Konsumsi gula berlebih dapat meningkatkan respons inflamasi dalam tubuh. Selain itu, gula juga berperan dalam proses glikasi, yaitu kondisi ketika molekul gula menempel pada protein dan membentuk senyawa bernama AGEs (Advanced Glycation End Products).

Senyawa tersebut dapat merusak kolagen dan elastin, dua komponen penting yang menjaga kulit tetap kenyal dan elastis.

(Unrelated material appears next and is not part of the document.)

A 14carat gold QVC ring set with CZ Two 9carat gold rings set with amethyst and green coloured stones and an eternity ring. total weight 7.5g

"Kalau kita mau kulit yang awet muda, kolagennya harus bagus kualitasnya," tambah dr. Zie.

4. Penurunan kolagen yang terjadi secara alami

Dok. IDN

Selain faktor gaya hidup, proses penuaan kulit juga dipengaruhi oleh perubahan alami dalam tubuh. Salah satunya adalah penurunan produksi kolagen yang mulai terjadi sejak usia muda.

"Bisa dibilang penurunan kolagen dalam tubuh itu dimulai dari usia 20-an, tapi di pertengahan. Kolagen itu akan menurun tiap tahun sebanyak 1% sejak usia 25 tahun menurut studi jurnal. Dari situ, fokus kita seharusnya udah bukan takut tua, tapi gimana caranya menjaga kualitas kulit sejak masih muda," ungkap dia.

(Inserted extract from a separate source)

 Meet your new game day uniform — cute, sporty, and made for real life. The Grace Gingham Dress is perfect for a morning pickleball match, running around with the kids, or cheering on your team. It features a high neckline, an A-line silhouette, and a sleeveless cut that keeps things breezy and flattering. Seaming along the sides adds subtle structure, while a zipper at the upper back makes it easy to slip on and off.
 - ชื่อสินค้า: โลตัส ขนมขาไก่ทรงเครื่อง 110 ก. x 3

Karena itulah, menjaga asupan nutrisi yang mendukung pembentukan kolagen menjadi salah satu langkah yang dapat dilakukan sejak dini.

Dalam kesempatan yang sama, Zegavit memperkenalkan Zegavit Glowme Collagen yang mengandung Vitamin E, Vitamin C, Vitamin A, biotin, zinc, dan selenium untuk membantu pembentukan serta pemeliharaan kolagen yang berperan menjaga elastisitas kulit.

Selain itu, tersedia juga Zegavit Immu'NFit Ekstrak Ginseng Korea yang diperkaya berbagai vitamin dan mineral untuk membantu mendukung fungsi normal daya tahan tubuh apabila dikonsumsi sebagai bagian dari pola makan bergizi seimbang.

Meski demikian, dr. Zie menegaskan bahwa suplemen bukan pengganti pola hidup sehat. Menurutnya, kesehatan kulit tetap membutuhkan kombinasi berbagai faktor, mulai dari nutrisi yang cukup hingga kebiasaan hidup yang baik.

"Jadi tetap harus dibarengi dengan makanan yang bergizi, protein yang cukup, minum air putih, olahraga, tidur, dan jangan terlalu stres," pungkasnya.

Pada akhirnya, merawat kulit bukan hanya soal memilih skincare yang tepat. Kualitas tidur, pola makan, tingkat stres, hingga asupan nutrisi sehari-hari juga memainkan peran besar dalam menentukan kesehatan kulit dalam jangka panjang. Kamu setuju, Bela?